5.1.4 Hormonal communication Flashcards
basics of endocrine communicatiohn
- Cells in an endocrine gland produce hormones and secrete them directly into the blood
- The hormones dissolve in the blood plasma and thus are carried around the body;
- The hormones bind to complementary glycoprotein receptors, usually located in the plasma membrane of specific ‘target’ cells;
- The consequence is a response in the target cells, e.g. a change in metabolism.
what is an endocrine gland?
an organ containing cells specialised to produce hormones and secrete these directly into the blood, usually via exocytosis.
what do endocrine glands not use?
DUCTS!
examples of endocrine glands
pituitary gland
thyroid glands
endocrine pancrease
adrenal gland
ovaries
testes
what is the pituitary gland?
Brain
Master gland - it controls secretions of hormones from some other glands
Secretes:
Human growth hormone (HGH) - promotes muscle/bone growth in children
Anti‐diuretic hormone (ADH) - control of water potential
What is the thyroid gland?
neck
secretes thyroid hormones:
Thyroxine - controls overall metabolic rate, including rate of respiration
what is the endocrine pancreas?
clusters of cells called islets of Langerhans
what is the adrenal gland?
one on top of each kidney
hormones that coordinate responses to short‐ and long‐term stress
Cortisol - (adrenal cortex) - coordinates responses to ongoing stress
Adrenaline - (adrenal medulla) - coordinates the ‘fight‐or‐flight’ response to perceived threat
what are the ovaries?
produces female sex hormones
Oestrogen - controls development of secondary sexual characteristics
during puberty and prepares the uterus lining to receive a fertilised egg;
what are the testis?
produces male sex hormones
Testosterone - controls development of secondary sexual characteristics
during puberty and sperm production.
what is a exocrine gland?
an organ containing cells specialised to produce hormones and secrete the chemicals they produce via a duct
sweat glands
salivary glands
exocrine pancreas
What is this diagram showing? label it.
the endocrine and exocrine glands in the body and their locations
what is a hormone?
chemical messengers which target specific target cells and are soluble in blood plasma, and trael round the body in the blood stream. They are slow acting but have a long effect
how do hormones work?
To produce an effect in a specific target cell, the hormone must bind to a receptor which has a binding site of complementary shape. This receptor may be in the plasma membrane of the target cell or in the cytoplasm (depending on whether the hormone cannot or can cross the plasma membrane).

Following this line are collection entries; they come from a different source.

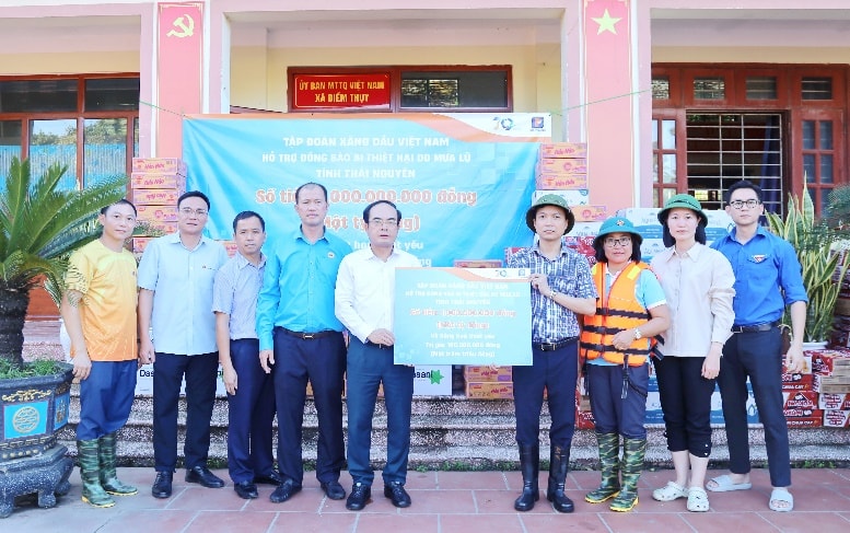 Với tinh thần hành động khẩn trương, hỗ trợ sớm nhất hàng nghìn hộ dân đang bị cô lập, chìm trong nước lũ, ngày 8-10-2025, tại xã Điềm Thụy, tỉnh Thái Nguyên, đoàn công tác Petrolimex do Phó Tổng Giám đốc Nguyễn Sỹ Cường làm trưởng đoàn cùng đại diện lãnh đạo Công đoàn Xăng dầu Việt Nam, các ban nghiệp vụ Tập đoàn và Đoàn thanh niên đã đến thăm hỏi, động viên và trao 1 tỷ đồng hỗ trợ cùng nhu yếu phẩm trị giá 100 triệu đồng đến người dân trên địa bàn tỉnh Thái Nguyên.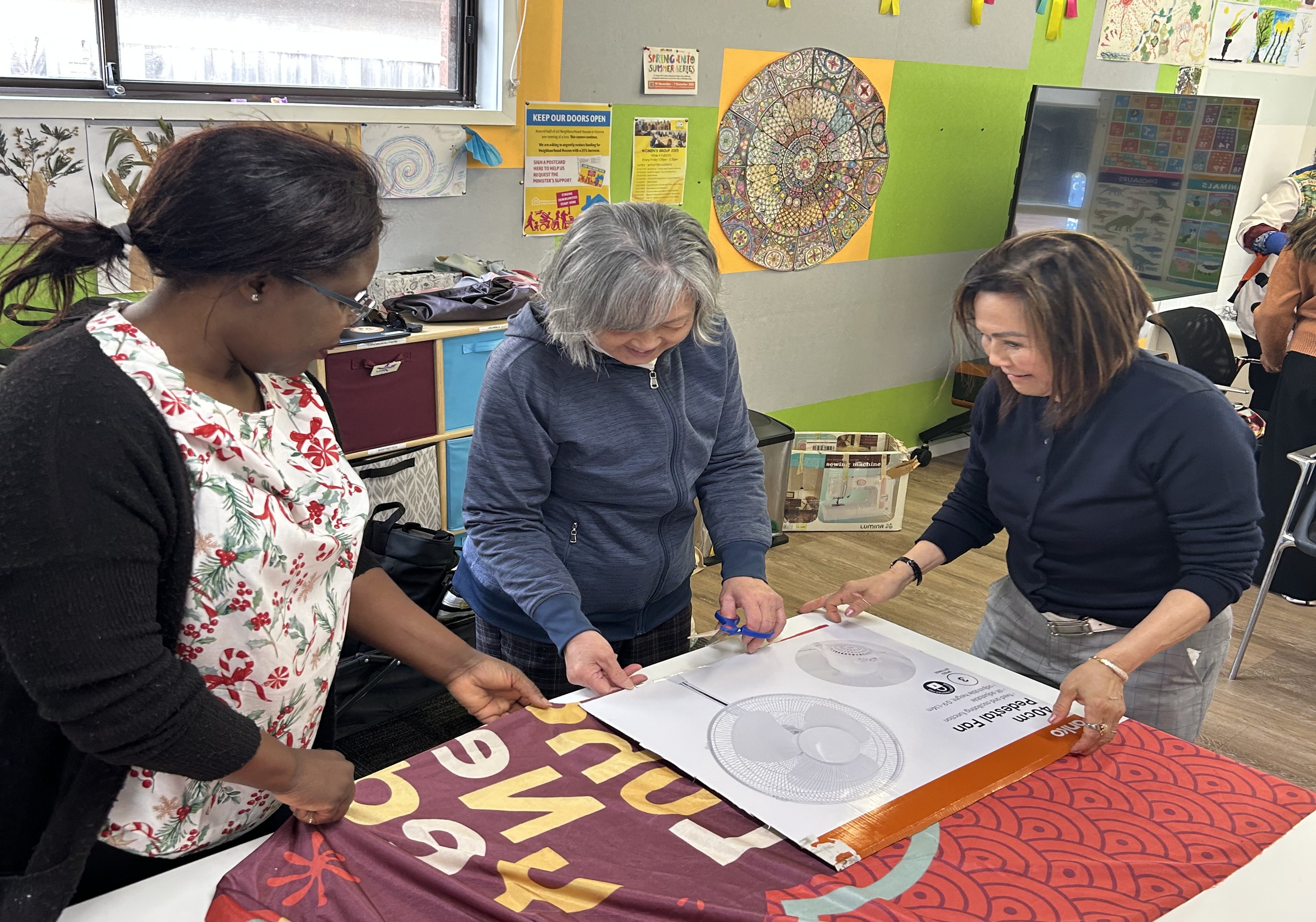 In July 2025, the Footscray African Women’s Sewing Group was commissioned to sew 130 conference bags for the Regenerating Communities: Community Development Conference hosted at Borderlands in Footscray, October 2025.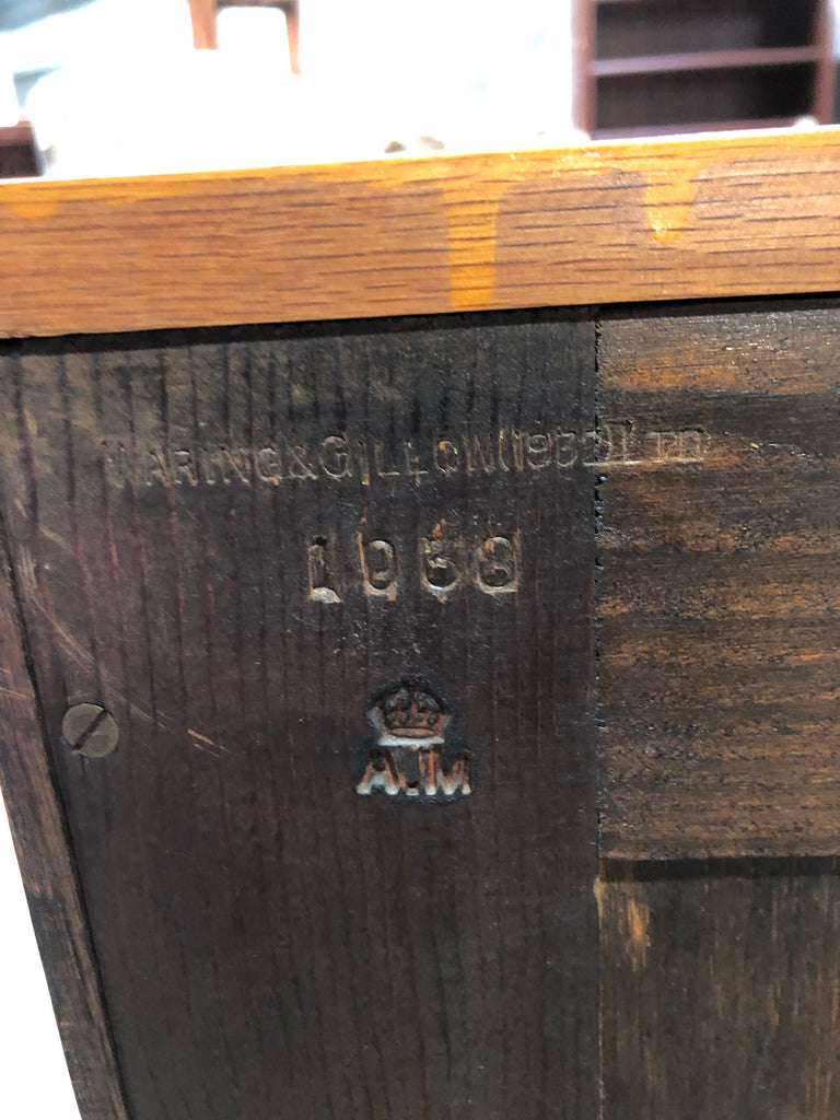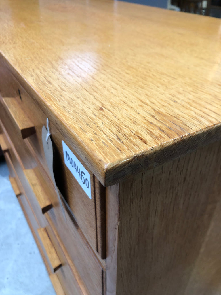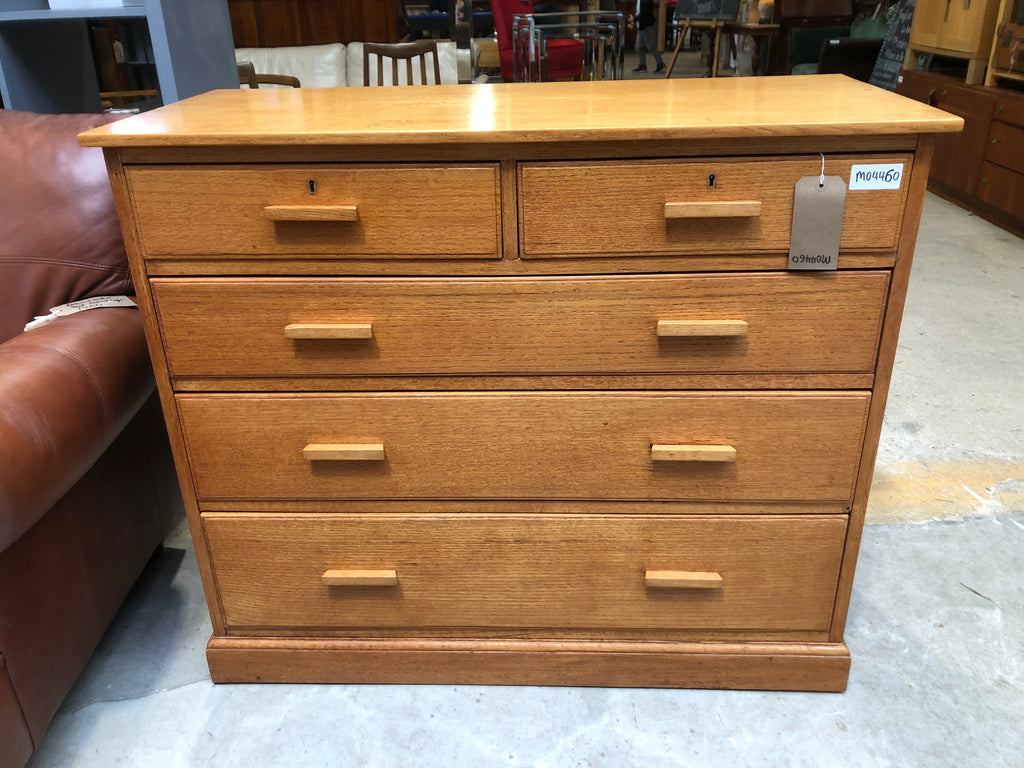 Oak two over three chest of drawers. Mid century design. Smooth running drawers Made with dovetail joints. No key included.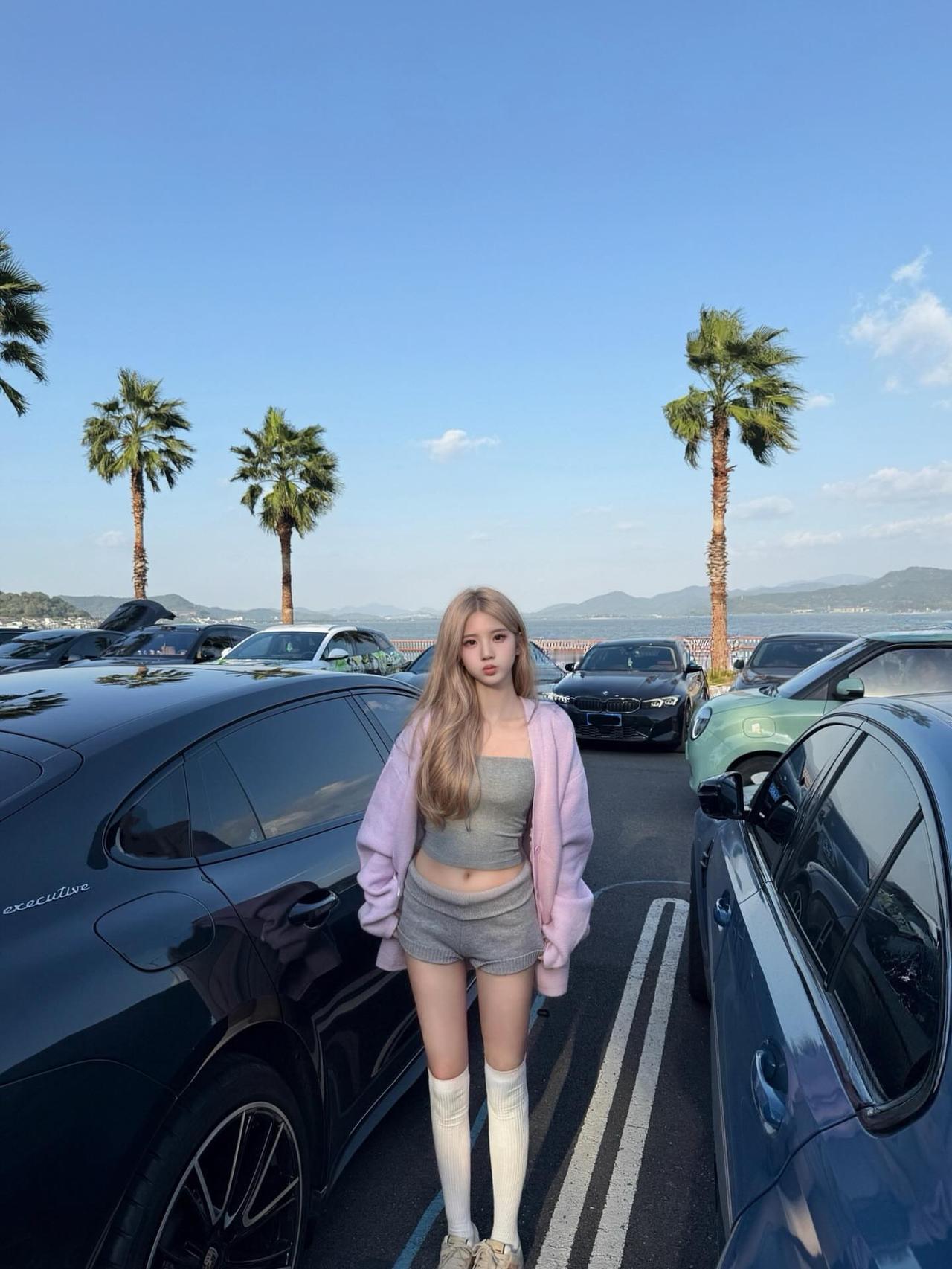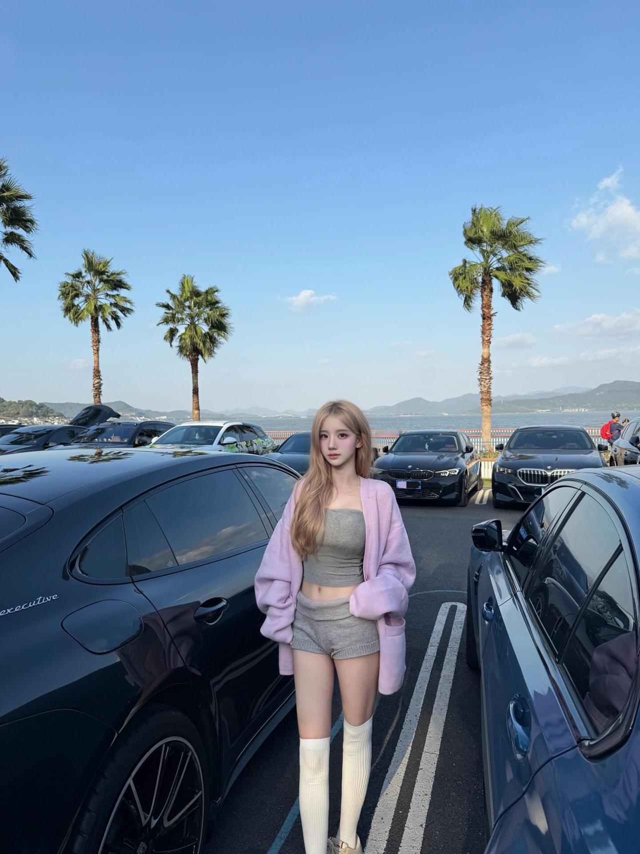 粉衣美人倚车坐,轻纱拂面映夕阳。女人怎样穿搭,更显气质 如何拍出户外氛围感美女?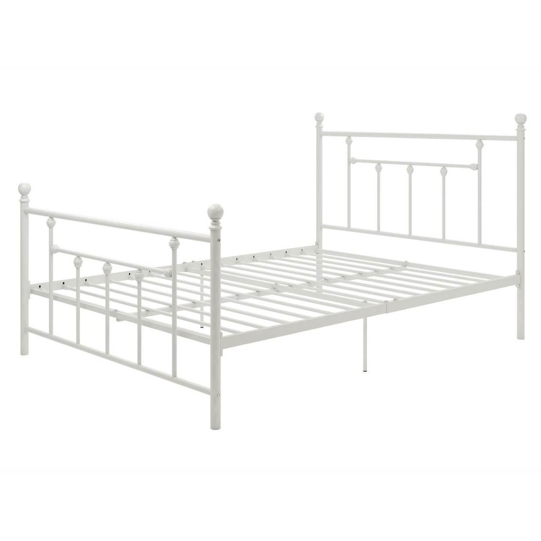 - Full size White Metal Platform Bed Frame with Headboard and Footboard

the binding of a hormone to a complementary receptor will trigger a change in the metabolism of a target cell.
what are the two main types of hormones?
Steroid hormones
Non-steroid hormones
describe a steroid hormone
lipid-soluble - hydrophobic + non‐polar molecular structure
Able to pass through the phospholipid bilayer of a plasma membrane by simple diffusion
their receptors are located within the cell cytoplasm.
what is the the sequence of events which leads to an effect in the target cell for STEROID hormones?
- Steroid hormone diffuses through the phospholipid bilayer into the target cell.
- When the steroid hormone binds to its complementary receptor in the cytoplasm of a target cell, a hormone‐receptor complex is formed.
- This complex may then enter the nucleus (via a nuclear pore) and bind directly to DNA: the hormone‐receptor complex is now an active transcription factor (whereas the receptor alone was an inactive transcription factor which didn’t have the appropriate shape to bind to the DNA).
- The active transcription factor (i.e. the hormone‐receptor complex) may bind directly to the promoter of a gene and help (or hinder) the binding of RNA polymerase to the promotor; or, it may bind to a control sequence some distance in front of the promoter and indirectly influence the binding of RNA polymerase.
- The effect of the hormone is therefore to trigger a change in the gene expression of the target cell, e.g. a gene that was previously switched off may now be switched on, i.e. transcribed to mRNA which is then translated. For example, the cell may now start producing a new enzyme, altering its metabolism.
what is a promoter?
region of DNA in front of a gene which acts as binding site for RNA polymerase
describe a non-steroid hormone
Protein or amino acid-derivatives
water-soluble - hydrophilic polar structure
they cannot freely pass through the phospholipid bilayer of a plasma membrane
receptors embedded in the plasma membrane of target cells - hormone can bind to the receptor without entering the cell
receptors made of glycoprotein and have a specific binding site that is complementary in shape to a specific hormone
what is the the sequence of events which leads to an effect in the target cell for NON-STEROID hormones?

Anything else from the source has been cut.